Word for word, retype the lines from the one containing "- raw data is" to the one containing "Elegant Evening Dress" below, keeping both end lines and dropping the pictures.

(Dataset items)
Segment Open

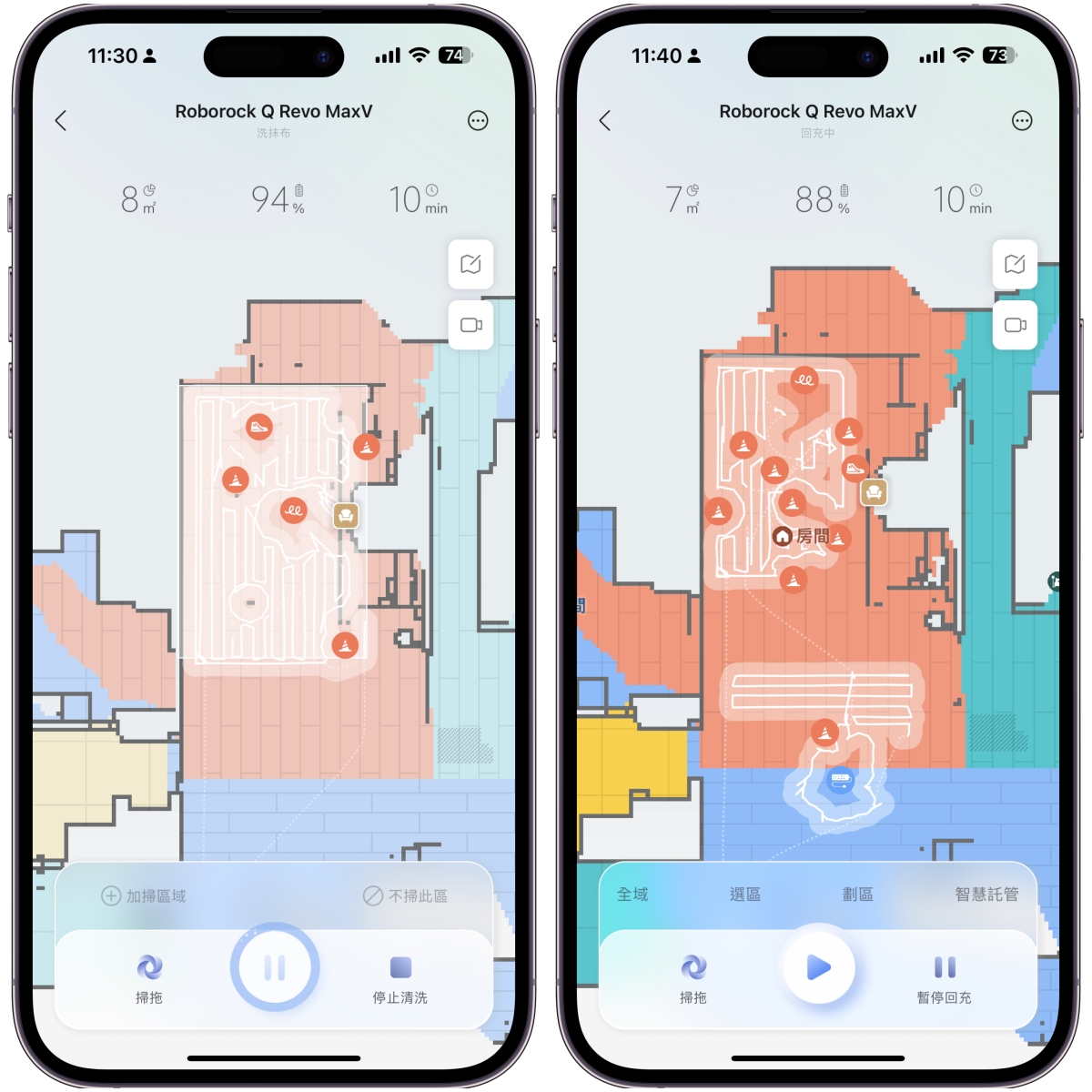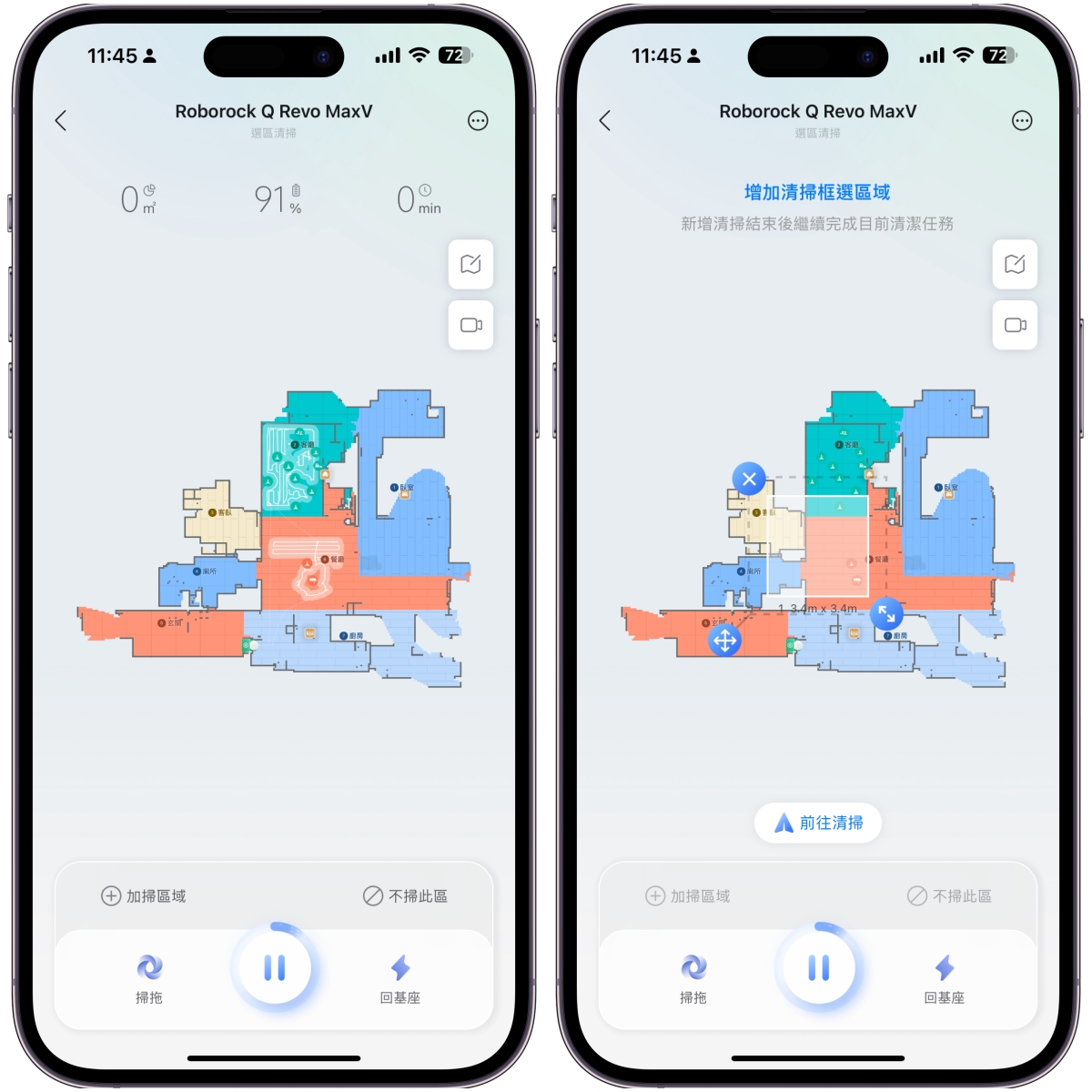 另外,當你打掃到一半,比如原本是只想掃 A 區,但你臨時在 B 區弄髒了地板有即時性的需求,可以直接按加掃此區後,圈選範圍就會先去掃你加掃的地方,這超實用。
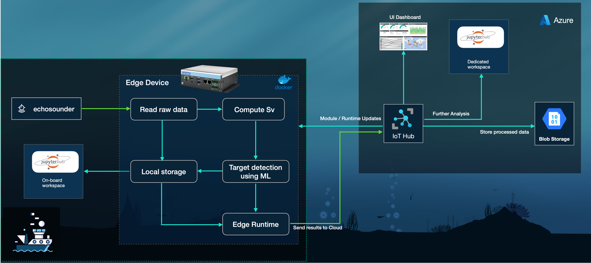 - raw data is streamed from the echosounder and auxiliary sensors (such as CTD profilers and GPS) to the IoT Edge processor;
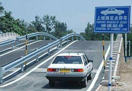 坡道定点最关键的就是控制好离合和刹车,不要中途熄火、溜坡,否则必挂。在起步的时候左脚控制好离合,右脚踩死刹车,然后慢慢松离合至引擎发抖,再松刹车。离合不能抬的太快,否则就会熄火,也不能还没抬到位就松刹车,否则就会后溜。准确把握半联动状态,是顺利起步的关键。同时,不要忘记起步时打左转向灯。
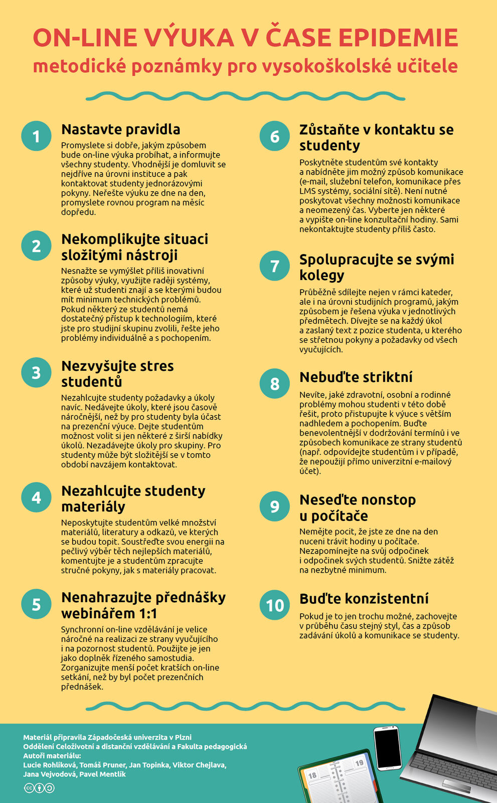 „Často je důležitější nechat studenty pár dní trochu v klidu, aby se vyrovnali s novou situací a pak teprve zahájit výuku. Je také potřeba respektovat, že rodiny mohou mít různé problémy,“ připomíná didaktička z Fakulty pedagogické ZČU. Doporučení pro učitele tak zní: 1. nastavte pravidla, 2. nekomplikujte situaci složitými nástroji, 3. nezvyšujte stres studentů, 4. nezahlcujte studenty materiály, 5. nenahrazujte přednášky webinářem 1:1, 6. zůstaňte v kontaktu se studenty, 7. spolupracujte se svými kolegy, 8. nebuďte striktní, 9. neseďte nonstop u počítače, 10. buďte konzistentní. Každý bod přitom obsahuje krátké vysvětlení. Vše je přehledně a poutavě zpracováno.
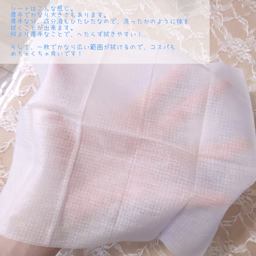 | ボディシートランキング第1位 | 甘いピーチの香りで女性も使いやすいし シートも分厚く1枚で全身しっかり拭けます | 詳細を見る | |
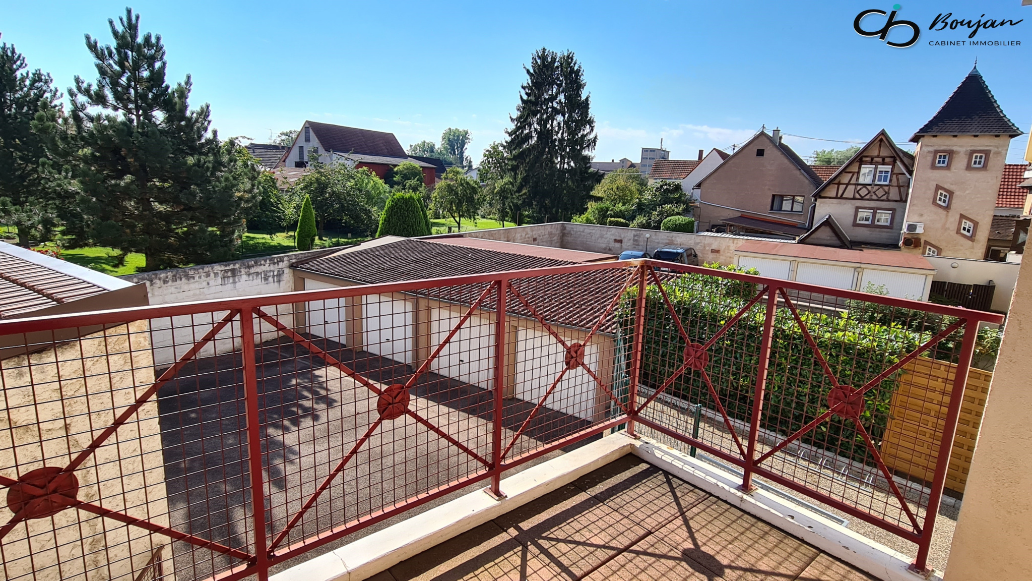 Au 1er étage d’une petite résidence, charmant 3 pièces situé à deux pas des commerces du centre-ville, et à moins de 500 m de la gare (15 minutes en direction de Strasbourg). L’appartement, d’une surface de 69 m², est idéalement orienté à l’arrière l’immeuble avec vue sur un terrain arboré.
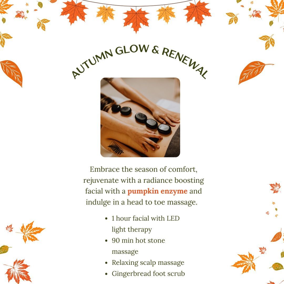 Experience the essence of autumn with our Autumn Glow & Renewal Package, featuring a radiance-boosting facial enhanced by a nourishing pumpkin enzyme mask.
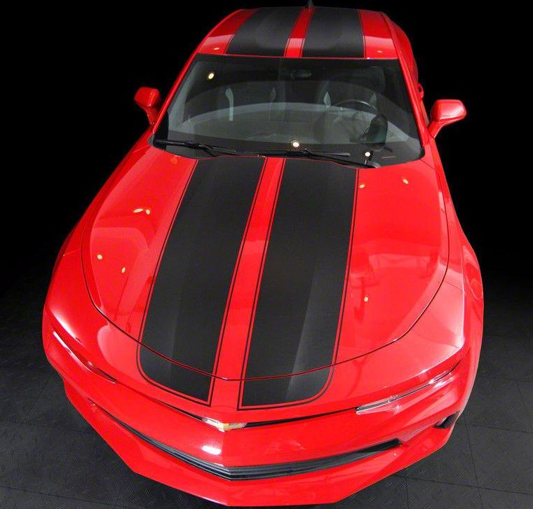 Sport Stripe Decal Kit. This kit includes everything you need to give your 2016-2018 Camaro a bold, sporty look. With pre-cut decals for the roof, hood, and rear, installation is straightforward and hassle-free. The matte black finish adds a sleek, aggressive style to your vehicle, making it stand out on the road.
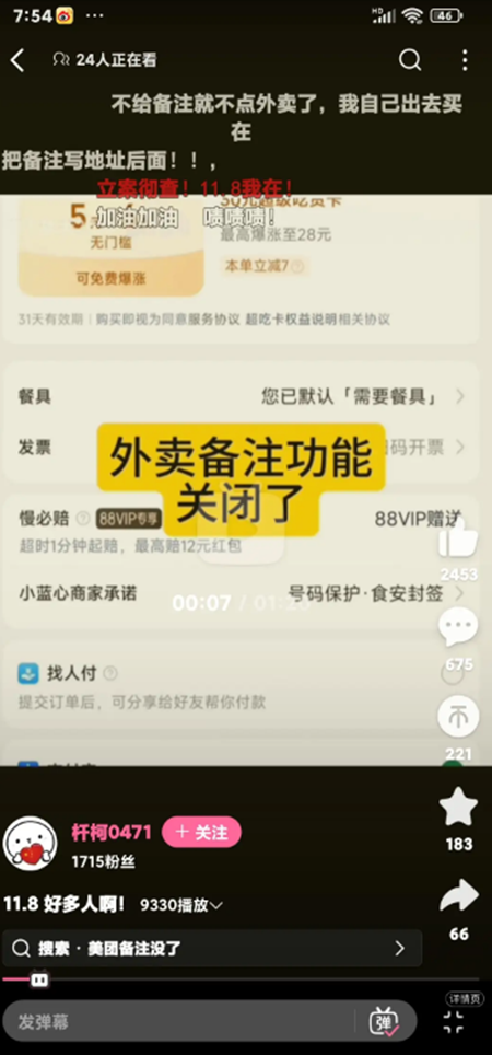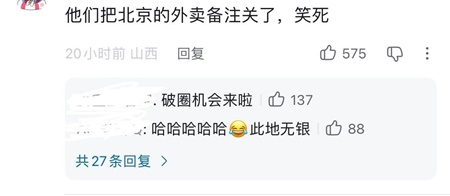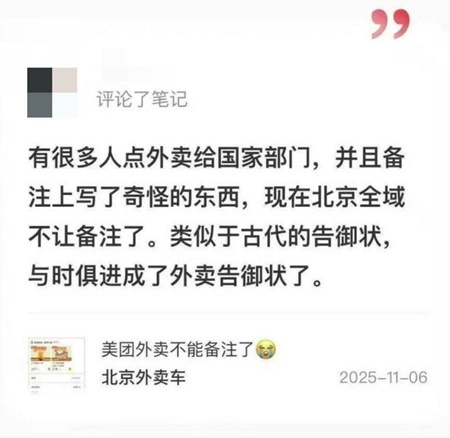 有網民表示,「在北京點外賣,所有的外賣平台備註欄全都被取消了。」「有很多人點外賣給國家部門,並且備註上寫了奇怪的東西,現在北京全域不讓備註了。類似於古代的告御狀,與時俱進成了外賣告御狀了。」
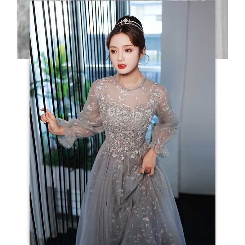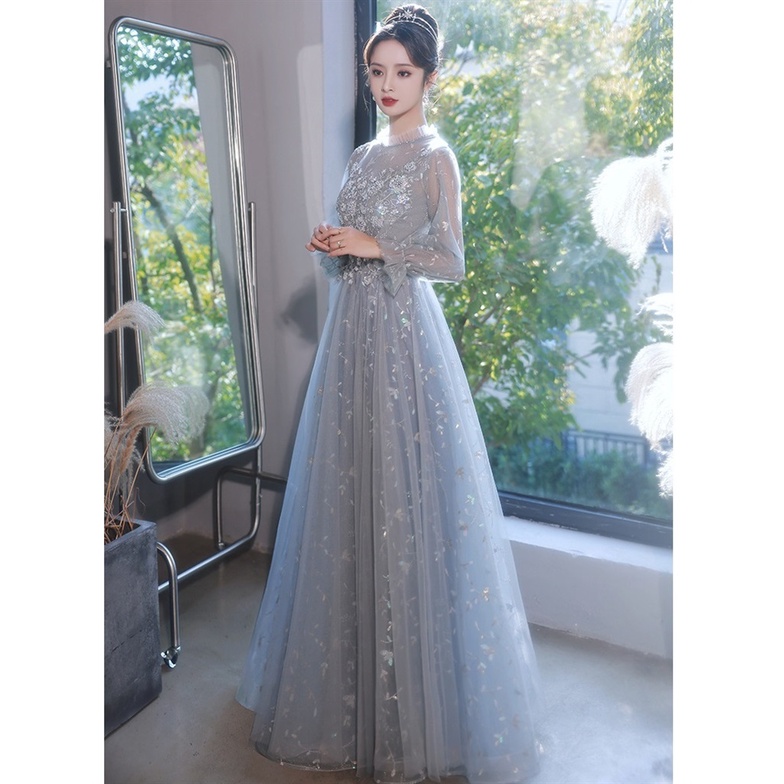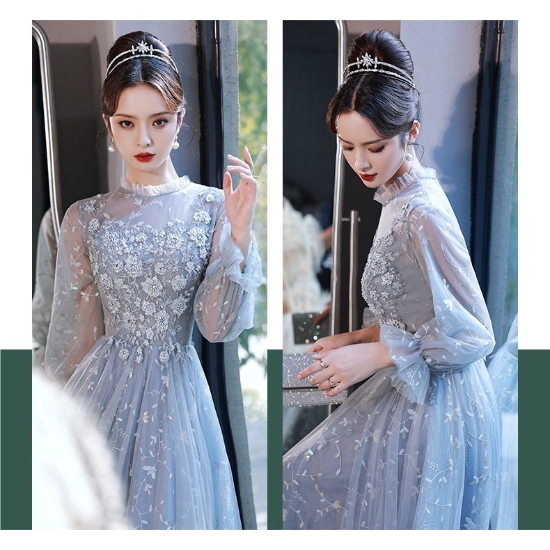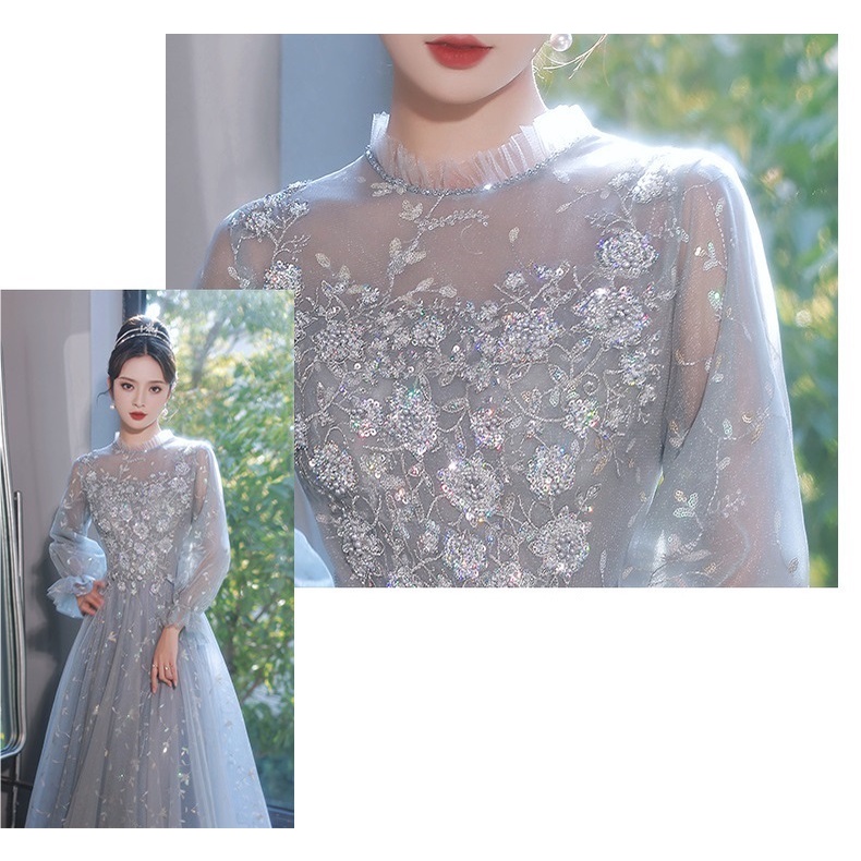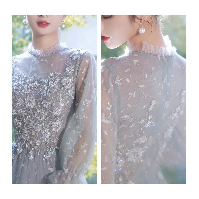 Elegant Evening Dress Long Sleeve Flower Embroidery Slim A-line Dresses Banquet Fairy Birthday Party Annual Dinner Gown
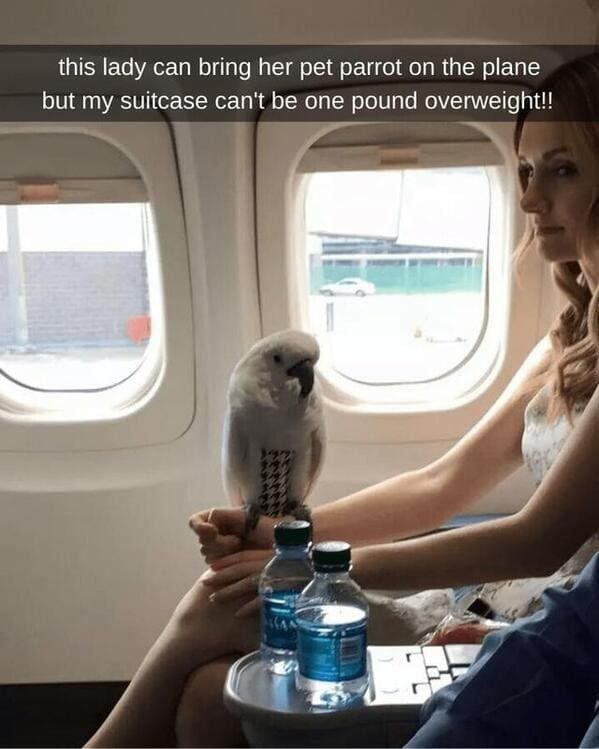 7. «Этой дамочке, значит, можно лететь с попугаем в салоне, но мой чемодан, видите ли, не может быть на полкило тяжелее»
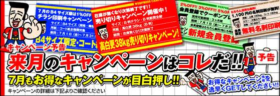 今月は『高白更38kg用紙対象・売り切りキャンペーン』『B4チラシ限定・コート紙[1%OFF]祭』『新規会員登録クーポンプレゼント』『無料名刺印刷』のキャンペーンを開催しています!
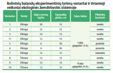 Bolivinių balandų lauko eksperimente vertinti tokie kriterijai, kaip augalų veislė, sėjos norma, tarpueilių plotis, sėjos laikas, mechaninis piktžolių naikinimo būdas. Bandymuose augintos balandų veislės Vikinga ir Titicaca, kurios selekciniu būdu sukurtos Danijoje.
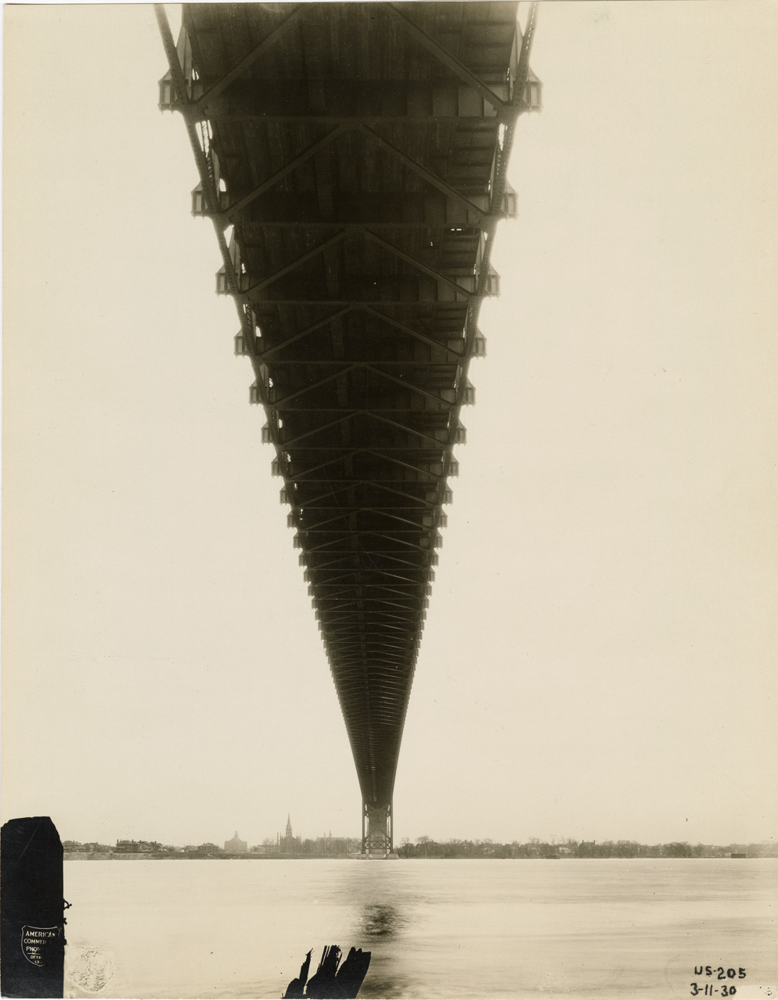 Favorite this☆ Ambassador Bridge Description: View of the underside of the Ambassador Bridge. Printed on front: "American Commercial Photo Co., Detroit, 1928 [sic]. US-205, 3-11-30." Details Resource ID: bh024554 Creator: American Commercial Photo Co. Subject: Ambassador Bridge (Detroit, Mich., and Windsor, Ont.) Suspension bridges McClintic-Marshall Construction Company Photographers--Michigan--Detroit Photographic prints Date Issued: 1930-03-11 Format: 1 photographic print mounted on fabric ; 9.5 x 7.5 in. Member of: Burton Historical Collection Filing Location: D/Bridges-Ambassador-January/March, 1930 Rights: Physical rights are retained by DPL. Copyright is retained in accordance with U.S. copyright laws.
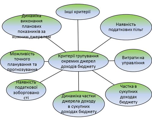 Рис. 2. Критерії групування доходів бюджету з метою управління

Segment Closed

* FINISHED EXERCISE
 - raw data is streamed from the echosounder and auxiliary sensors (such as CTD profilers and GPS) to the IoT Edge processor;
 坡道定点最关键的就是控制好离合和刹车,不要中途熄火、溜坡,否则必挂。在起步的时候左脚控制好离合,右脚踩死刹车,然后慢慢松离合至引擎发抖,再松刹车。离合不能抬的太快,否则就会熄火,也不能还没抬到位就松刹车,否则就会后溜。准确把握半联动状态,是顺利起步的关键。同时,不要忘记起步时打左转向灯。
 „Často je důležitější nechat studenty pár dní trochu v klidu, aby se vyrovnali s novou situací a pak teprve zahájit výuku. Je také potřeba respektovat, že rodiny mohou mít různé problémy,“ připomíná didaktička z Fakulty pedagogické ZČU. Doporučení pro učitele tak zní: 1. nastavte pravidla, 2. nekomplikujte situaci složitými nástroji, 3. nezvyšujte stres studentů, 4. nezahlcujte studenty materiály, 5. nenahrazujte přednášky webinářem 1:1, 6. zůstaňte v kontaktu se studenty, 7. spolupracujte se svými kolegy, 8. nebuďte striktní, 9. neseďte nonstop u počítače, 10. buďte konzistentní. Každý bod přitom obsahuje krátké vysvětlení. Vše je přehledně a poutavě zpracováno.
 | ボディシートランキング第1位 | 甘いピーチの香りで女性も使いやすいし シートも分厚く1枚で全身しっかり拭けます | 詳細を見る | |
 Au 1er étage d’une petite résidence, charmant 3 pièces situé à deux pas des commerces du centre-ville, et à moins de 500 m de la gare (15 minutes en direction de Strasbourg). L’appartement, d’une surface de 69 m², est idéalement orienté à l’arrière l’immeuble avec vue sur un terrain arboré.
 Experience the essence of autumn with our Autumn Glow & Renewal Package, featuring a radiance-boosting facial enhanced by a nourishing pumpkin enzyme mask.
 Sport Stripe Decal Kit. This kit includes everything you need to give your 2016-2018 Camaro a bold, sporty look. With pre-cut decals for the roof, hood, and rear, installation is straightforward and hassle-free. The matte black finish adds a sleek, aggressive style to your vehicle, making it stand out on the road.
 有網民表示,「在北京點外賣,所有的外賣平台備註欄全都被取消了。」「有很多人點外賣給國家部門,並且備註上寫了奇怪的東西,現在北京全域不讓備註了。類似於古代的告御狀,與時俱進成了外賣告御狀了。」
 Elegant Evening Dress Long Sleeve Flower Embroidery Slim A-line Dresses Banquet Fairy Birthday Party Annual Dinner Gown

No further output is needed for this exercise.